В прозрачном городе не моего святого Франциска, протодиакон в храме пел огромным голосом родительского крова, который только в этом храме уцелел.
4
Дай напиться земле, Боже. Травяное горит ложе. Птицы поют в небе тоже: Дай напиться земле, Боже!
Красная женщина идёт в закат, красное дерево горит над землёй. Красный виноград в рюмке – сладкий, опьяняющий яд.
Дай напиться стихам, Боже! Ветер гуляет по коже, красный ветер по белой коже русских моих стихов.
5
И ещё была тишина выжженного солнцем города, где жила я, как будто одна, с кем-то, знакомым смолоду,
с кем-то как быль и грусть, или окно и вселенная. Я уеду отсюда, но пусть – пусть сегодня я будто пленная,
потому что рукой подать до прапамяти дома отчего, потому что рыдала мать над своею блудною дочерью,
потому что сегодня брат утешает меня разговорами, потому что холмы горят золотыми насквозь соборами.
6
Какие яблони цвели, какие зрели апельсины – далёкой, не моей земли, – фруктовые, тяжёлые корзины! И я сидела, радуясь в садах, вдыхая чудное чужое лето, ещё не отряхнув кирпичный прах огромной улицы, лежащей где-то за океаном и в моих глазах, в усталости души и камня... Но зрели яблоки в садах, и небосклон объят был пламенем, и виноград стекал вином янтарным, калифорнийским жарким янтарём.
|
ПАМЯТИ И. А. БРОДСКОГО
Вот, в роще, уже не священной, давно отведённой под сруб, и ты пролетел, только шаркнул подошвой о воздух. С деревьев пускай твоё имя слетает, но только не с губ. Ещё поглазеет хвоя, что тебе до того? Вот, на звёздах
ближайших уже различима твоя нетяжёлая тень. Уже ничего, что б могло задержать – не случилось. Уже потащили куда-то, и сняли подсумок, ремень, сугроб накидали, чтоб только не в землю сочилось.
Молчу оттого, что молчать тяжелее всего. Видавшая виды братва языком отмолола. А нашим понятно, как нашего, собственно, мало: покуришь – и дальше, не вечно ж светить на село.
Чем выше, тем зренье острее. На пне меня различишь, усмехнувшись, и далее, в кронах – отдельные ветки, как ворс на тяжёлом сукне. Всю вырубку эту, как место звезды на погонах.
|
ЭЛЕГИЯ
Допустим, уснул – но не видишься спящим. Повсюду, как крошек, какого-то жадного люду. И тот, кто тебя осуждал – и теперь осужает, а тот, кто тебя осаждал – и теперь осаждает тобой опрокинутый стул.

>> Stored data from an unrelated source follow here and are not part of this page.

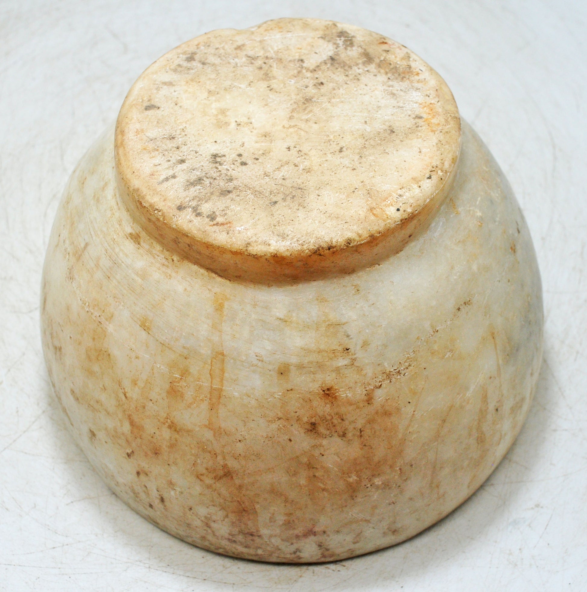 Antique White Marble Round Curry Bowl Original Old Hand Carved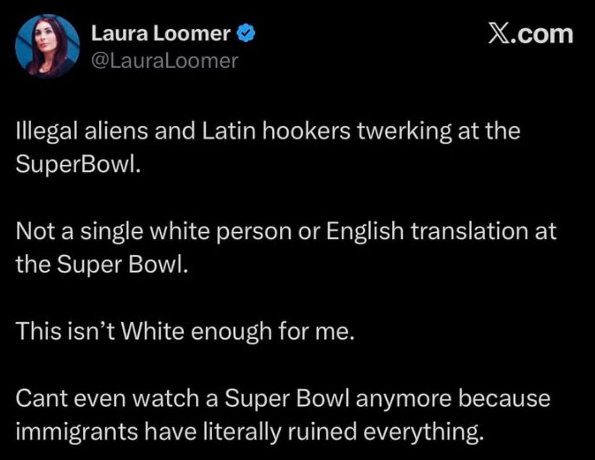 If you asked the average MAGA cult member why they were so upset about this halftime show, they would give you some range of bullsh*t from: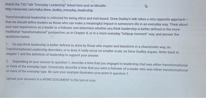 Solved Watch the TED Talk quot Everyday Leadership quot linked here Chegg com

Река, и по ней проплывает лишь берег. Не сразу поймёшь расщеплённую надвое фразу, осколок, сметённый как будто под лавку – под строчку но то, что наутро уже не наденешь сорочку – вот это больней.
У нас карантин, всё блудят и читают газеты. Мне под руку лезут какие-то вырезки, где ты не слишком похож, типографски выходишь, тревожно, и пачкаешь пальцы, как бабочка, смотришь несложно, обычно один.
Насчёт новостей: ты не знаешь, какая погода. Погода – подобье вчерашней. Полгода тебя не бывало, чтоб это отметить, и нету сегодня. Одежду пустую уже потащила по свету молва без костей.
Ты эти слова, вероятно, получишь не скоро. Я спорить ни с кем не намерена, спора ужасней лишь истина, так же, как мёртвого – спящий один беззащитней. Правей меня первый входящий, а я не права.
Я это пишу находясь у реки, по привычке. Рассвет, и приятно нащупывать спички, пока понемногу приподымается полог, золу пошевеливать прутиком, как археолог, останки какого-то Шу.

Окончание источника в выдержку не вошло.